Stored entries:
○ ○ ○

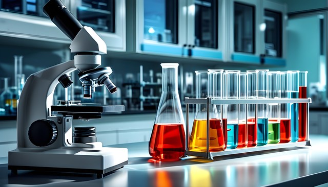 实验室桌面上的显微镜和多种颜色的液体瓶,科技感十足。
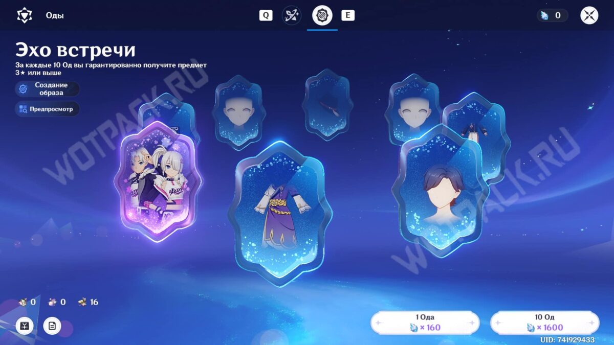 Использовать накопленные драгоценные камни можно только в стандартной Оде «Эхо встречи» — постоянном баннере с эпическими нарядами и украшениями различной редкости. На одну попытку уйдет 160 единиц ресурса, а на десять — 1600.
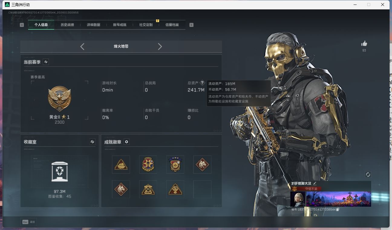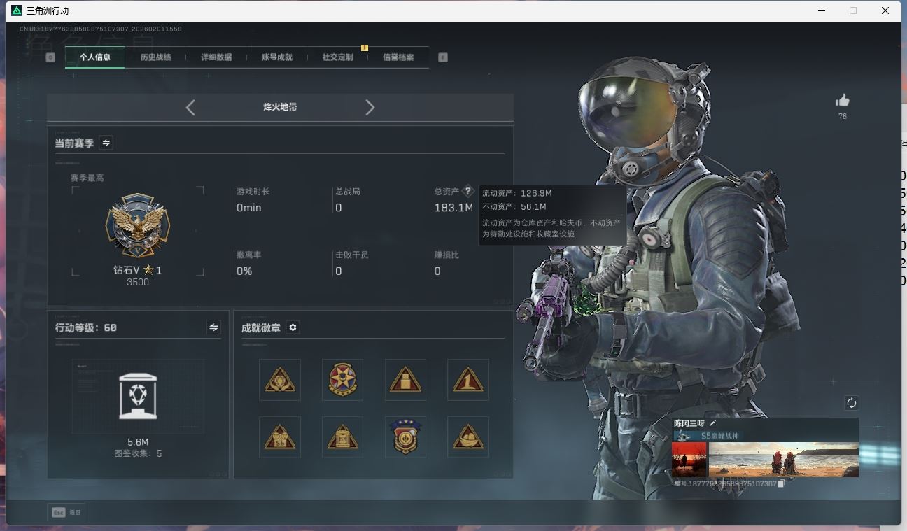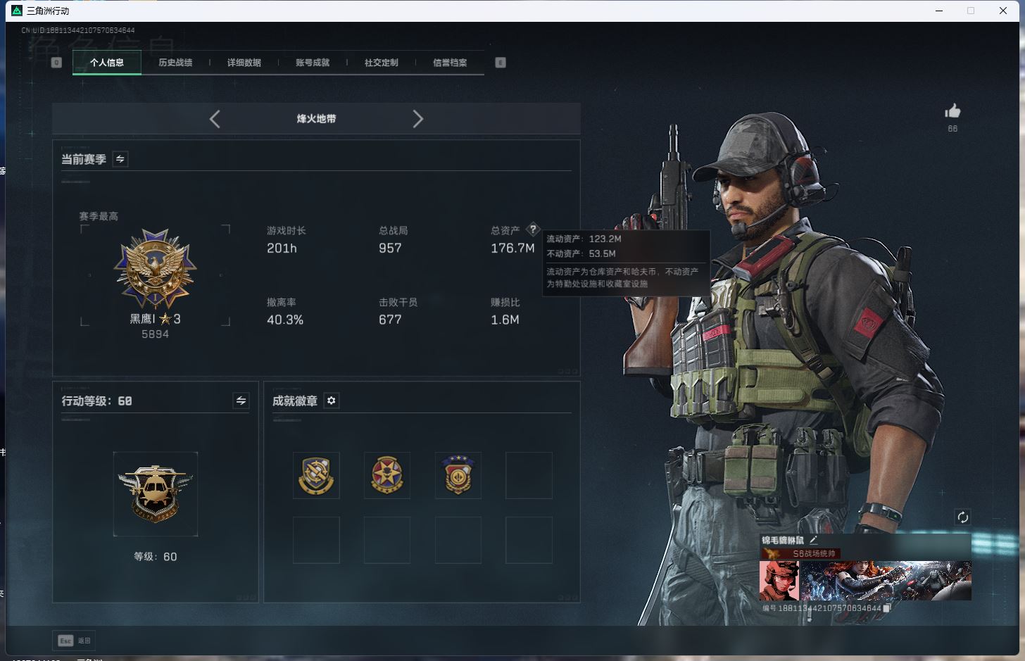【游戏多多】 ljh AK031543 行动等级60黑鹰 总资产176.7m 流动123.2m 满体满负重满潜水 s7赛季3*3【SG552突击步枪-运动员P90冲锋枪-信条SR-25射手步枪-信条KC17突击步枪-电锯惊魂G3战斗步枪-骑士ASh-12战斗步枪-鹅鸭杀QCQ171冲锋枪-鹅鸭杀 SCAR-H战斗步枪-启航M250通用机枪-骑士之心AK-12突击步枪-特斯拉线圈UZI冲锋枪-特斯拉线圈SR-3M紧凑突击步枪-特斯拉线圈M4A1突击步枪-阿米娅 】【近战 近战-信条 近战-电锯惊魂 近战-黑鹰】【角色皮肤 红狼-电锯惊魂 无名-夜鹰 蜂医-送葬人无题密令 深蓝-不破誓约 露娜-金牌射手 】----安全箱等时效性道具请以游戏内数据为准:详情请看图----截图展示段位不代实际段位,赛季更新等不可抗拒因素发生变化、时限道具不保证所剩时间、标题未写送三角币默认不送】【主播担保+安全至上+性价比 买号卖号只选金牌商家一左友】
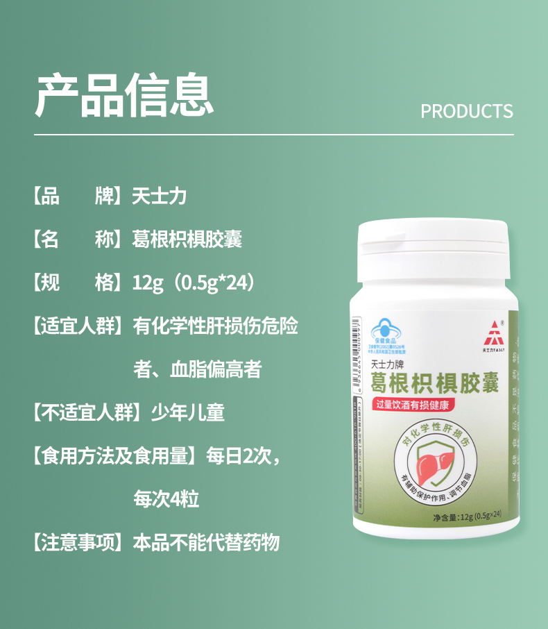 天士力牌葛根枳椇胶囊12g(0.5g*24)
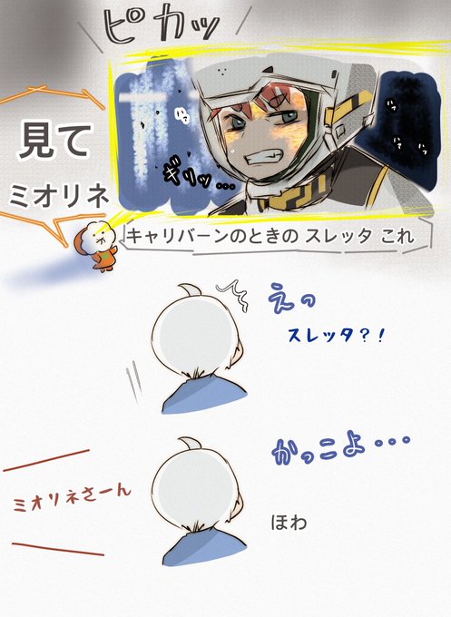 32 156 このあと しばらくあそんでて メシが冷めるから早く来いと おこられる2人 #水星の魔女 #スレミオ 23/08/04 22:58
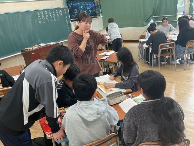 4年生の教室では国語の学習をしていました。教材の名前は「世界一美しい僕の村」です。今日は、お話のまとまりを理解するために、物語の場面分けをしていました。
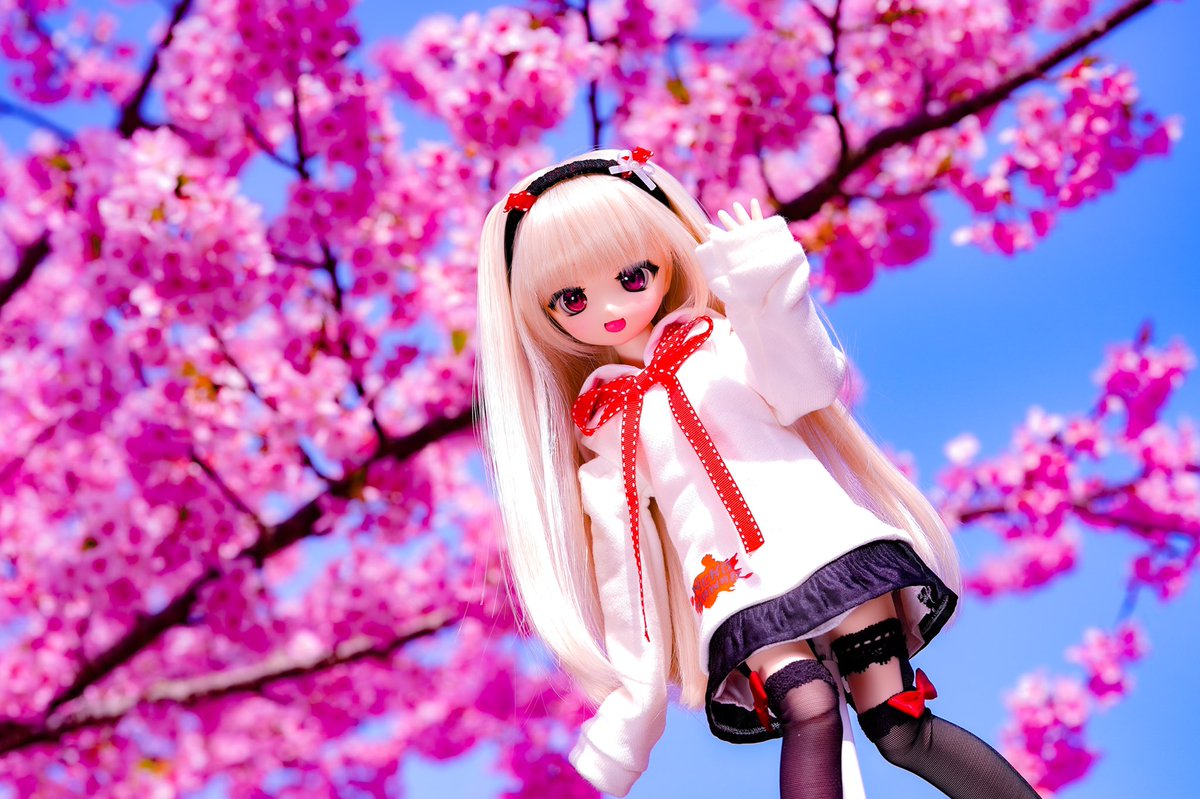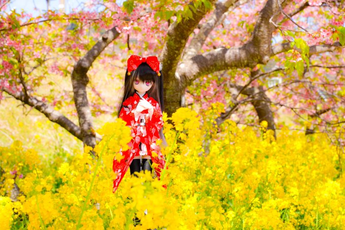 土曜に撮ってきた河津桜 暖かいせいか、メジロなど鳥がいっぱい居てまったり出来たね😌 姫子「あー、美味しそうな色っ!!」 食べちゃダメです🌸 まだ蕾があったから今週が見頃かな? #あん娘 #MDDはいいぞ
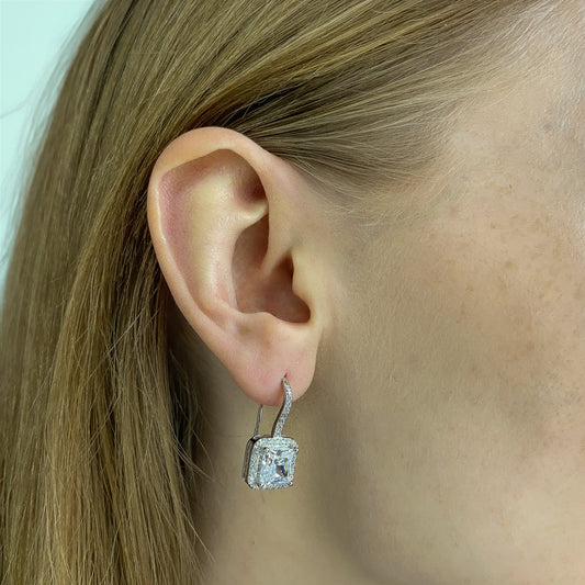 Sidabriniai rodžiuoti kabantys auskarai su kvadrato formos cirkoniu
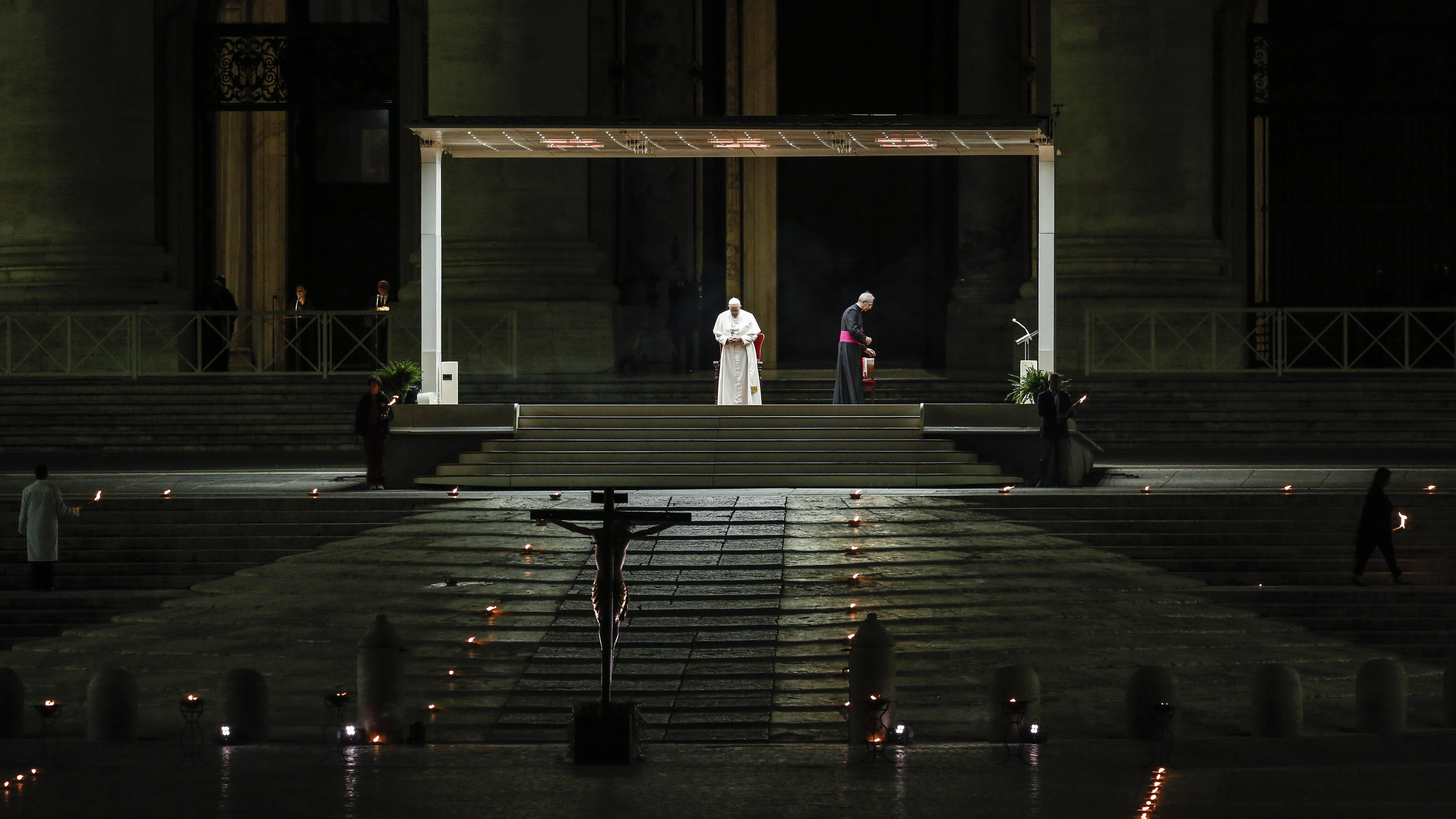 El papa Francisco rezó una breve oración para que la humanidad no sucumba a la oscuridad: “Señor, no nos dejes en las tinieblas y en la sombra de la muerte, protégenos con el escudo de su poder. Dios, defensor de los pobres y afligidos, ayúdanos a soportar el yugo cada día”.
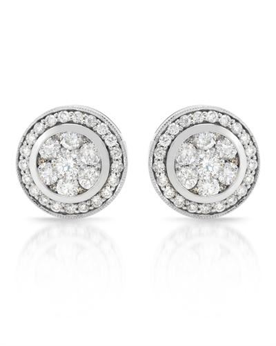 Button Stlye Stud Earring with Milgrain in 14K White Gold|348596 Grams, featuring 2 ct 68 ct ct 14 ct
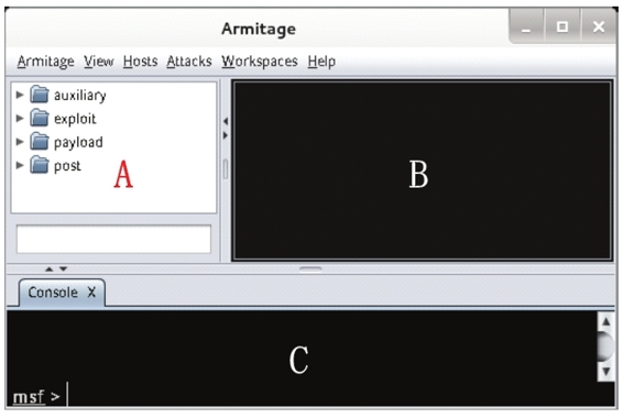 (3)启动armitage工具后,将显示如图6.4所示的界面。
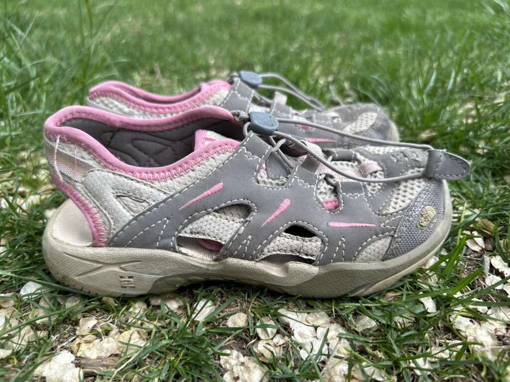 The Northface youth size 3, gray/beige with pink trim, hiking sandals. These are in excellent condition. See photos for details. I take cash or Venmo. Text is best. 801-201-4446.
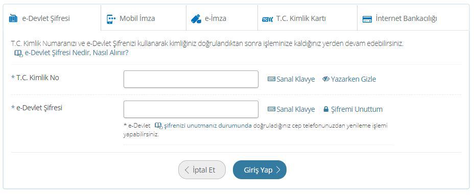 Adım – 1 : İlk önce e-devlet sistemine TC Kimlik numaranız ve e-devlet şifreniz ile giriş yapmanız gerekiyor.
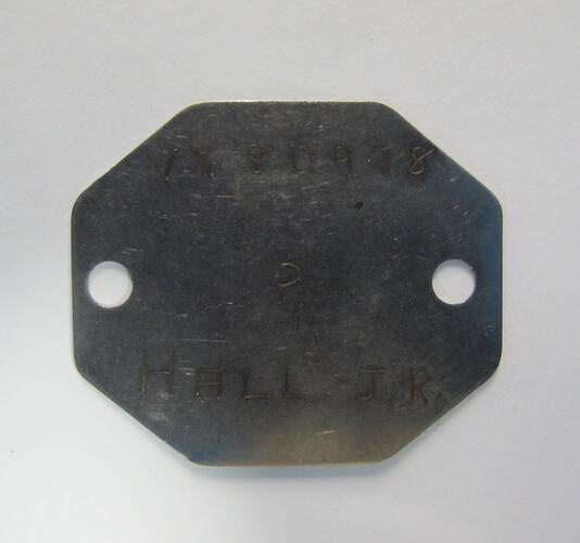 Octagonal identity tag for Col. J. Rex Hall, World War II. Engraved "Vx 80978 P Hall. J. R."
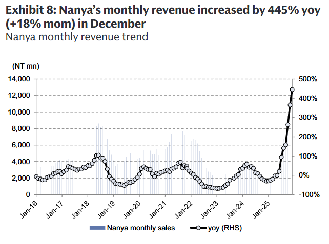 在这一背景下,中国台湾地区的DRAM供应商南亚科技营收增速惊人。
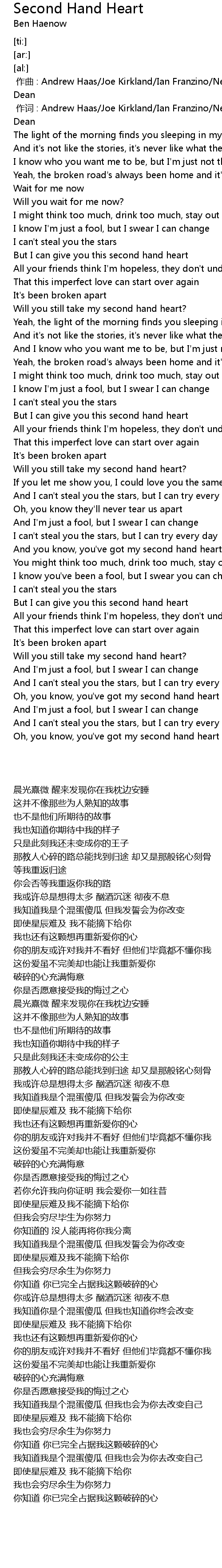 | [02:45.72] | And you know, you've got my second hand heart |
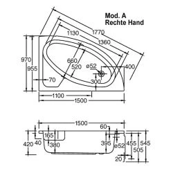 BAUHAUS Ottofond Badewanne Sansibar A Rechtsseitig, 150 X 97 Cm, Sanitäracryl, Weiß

○ ○ ○

◆ **TASK TO COMPLETE**:
Reproduce the records above exactly, but only from the line containing "El papa Francisco" through the last line, both included, and without any pictures.

◆ **SOLUTION BELOW**:
 El papa Francisco rezó una breve oración para que la humanidad no sucumba a la oscuridad: “Señor, no nos dejes en las tinieblas y en la sombra de la muerte, protégenos con el escudo de su poder. Dios, defensor de los pobres y afligidos, ayúdanos a soportar el yugo cada día”.
 Button Stlye Stud Earring with Milgrain in 14K White Gold|348596 Grams, featuring 2 ct 68 ct ct 14 ct
 (3)启动armitage工具后,将显示如图6.4所示的界面。
 The Northface youth size 3, gray/beige with pink trim, hiking sandals. These are in excellent condition. See photos for details. I take cash or Venmo. Text is best. 801-201-4446.
 Adım – 1 : İlk önce e-devlet sistemine TC Kimlik numaranız ve e-devlet şifreniz ile giriş yapmanız gerekiyor.
 Octagonal identity tag for Col. J. Rex Hall, World War II. Engraved "Vx 80978 P Hall. J. R."
 在这一背景下,中国台湾地区的DRAM供应商南亚科技营收增速惊人。
 | [02:45.72] | And you know, you've got my second hand heart |
 BAUHAUS Ottofond Badewanne Sansibar A Rechtsseitig, 150 X 97 Cm, Sanitäracryl, Weiß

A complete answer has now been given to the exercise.